Hypoxia inducible factor signaling and experimental persistent pulmonary hypertension of the newborn

Wedgwood, S.; Lakshminrusimha, S.; Schumacker, P. T.; Steinhorn, R. H.

Front Pharmacol. 2015 Mar 31; 6:47

Abstract

BACKGROUND: Mitochondrial reactive oxygen species (ROS) levels and nuclear factor kappa-light-chain-enhancer of activated B cells (NFkappaB) activity are increased in a lamb model of persistent pulmonary hypertension of the newborn (PPHN).
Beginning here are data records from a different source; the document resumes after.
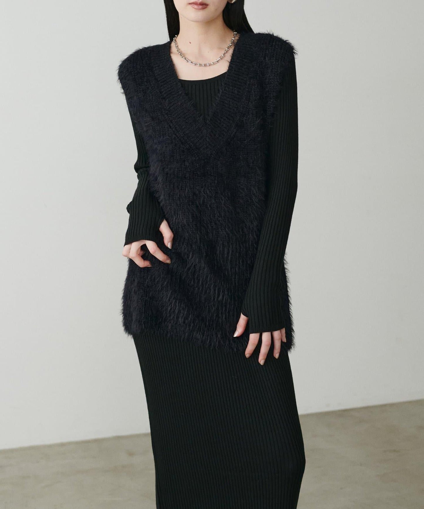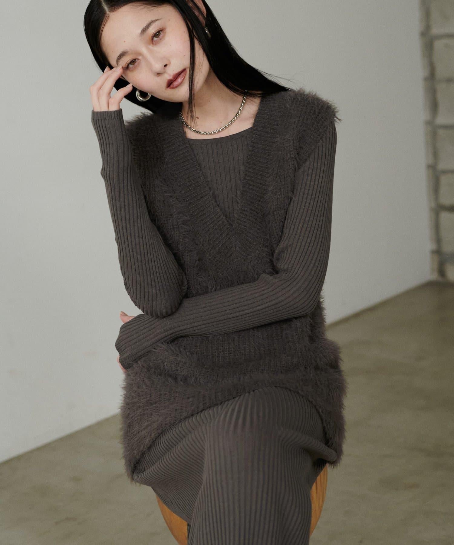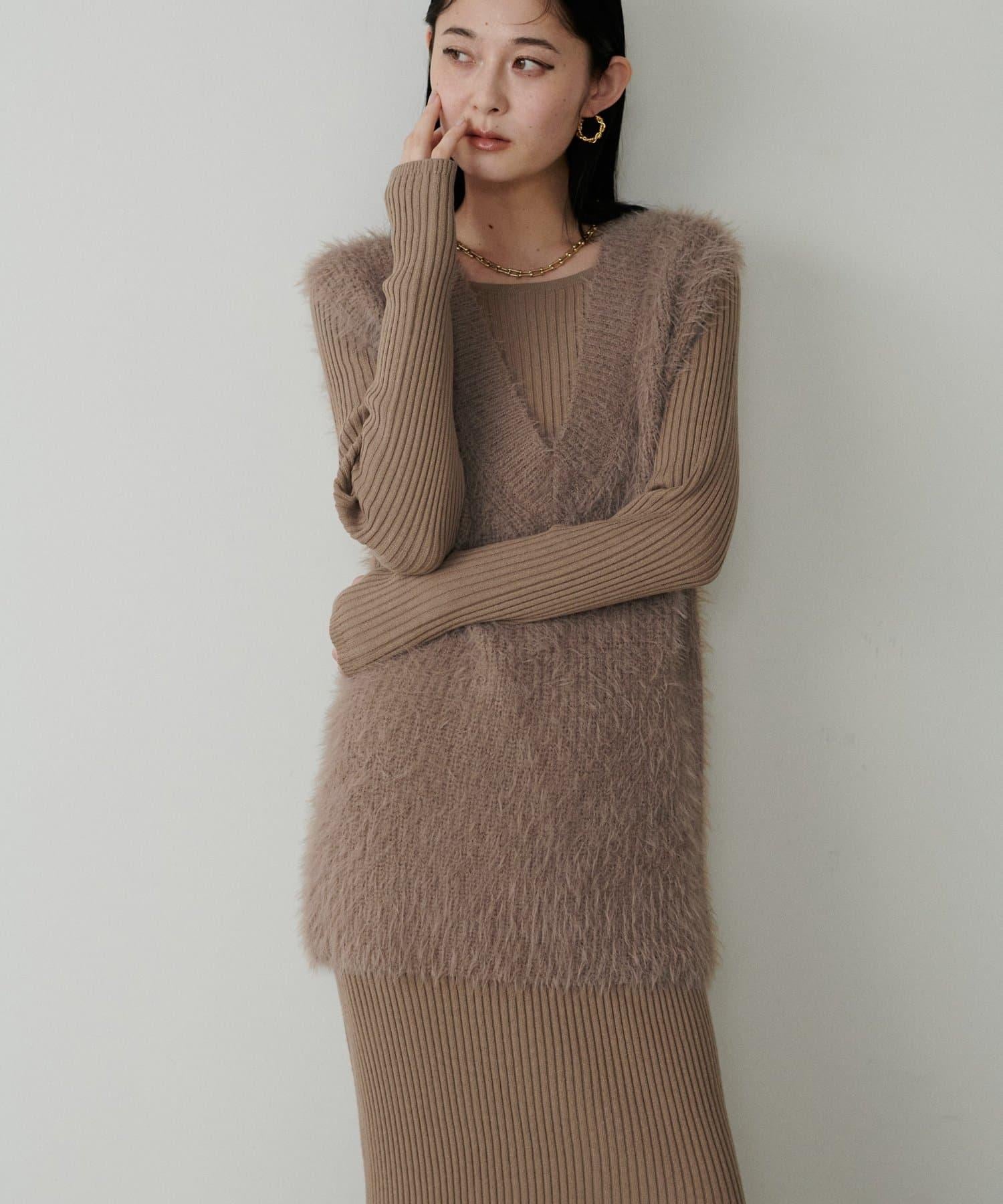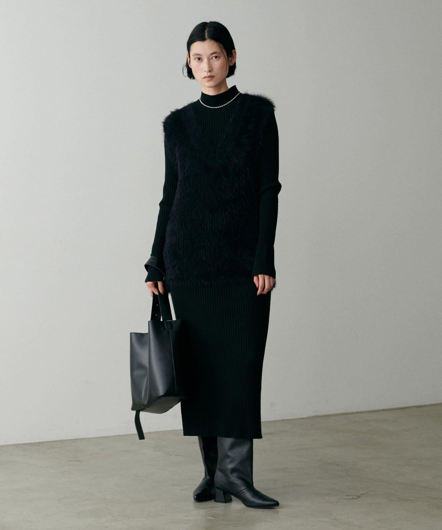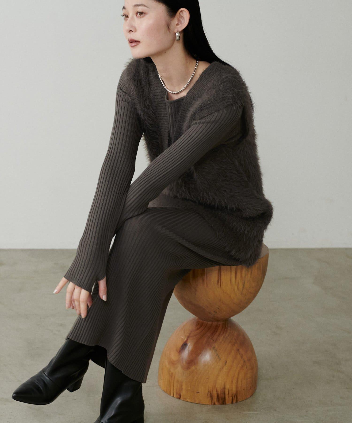這款單品由一件簡單的羅紋針織連身裙和一件同色羽毛馬甲組成。
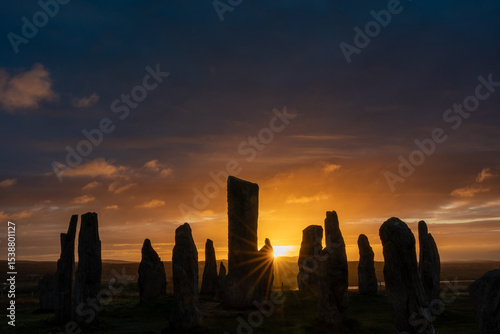 Callanish Standing Stones silhouetted against a vibrant sunrise
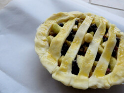 Each went into a small, 6 inch pie plate, and I did fun things with the crust. Bake them each at 375 degrees for about 50 minutes, with foil covering the pie the last 20.
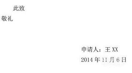 正文结束后,要在下面两行写上“此致敬礼,”之后在右下角写上“申请人:XXX,申请日期:X年X月X日”,然后递交上去即可,注意页面一定要整洁。

These events can trigger hypoxia inducible factor (HIF) signaling in response to hypoxia, which has been shown to contribute to pulmonary vascular remodeling in rodent models of pulmonary hypertension. However, the role of HIF signaling in chronic intrauterine pulmonary hypertension is not well understood. AIM: To determine if HIF signaling is increased in the lamb model of PPHN, and to identify the underlying mechanisms. RESULTS: PPHN was induced in lambs by antenatal ligation of the ductus arteriosus at 128 days gestation. After 9 days, lungs and pulmonary artery smooth muscle cells (PASMC) were isolated from control and PPHN lambs. HIF-1alpha expression was increased in PPHN lungs and HIF activity was increased in PPHN PASMC relative to controls. Hypoxia increased HIF activity to a greater degree in PPHN vs. control PASMC. Control PASMC were exposed to cyclic stretch at 1 Hz and 15% elongation for 24 h, as an in vitro model of vascular stress. Stretch increased HIF activity, which was attenuated by inhibition of mitochondrial complex III and NFkappaB. CONCLUSION: Increased HIF signaling in PPHN is triggered by stretch, via mechanisms involving mitochondrial ROS and NFkappaB. Hypoxia substantially amplifies HIF activity in PPHN vascular cells. Targeting these signaling molecules may attenuate and reverse pulmonary vascular remodeling associated with PPHN.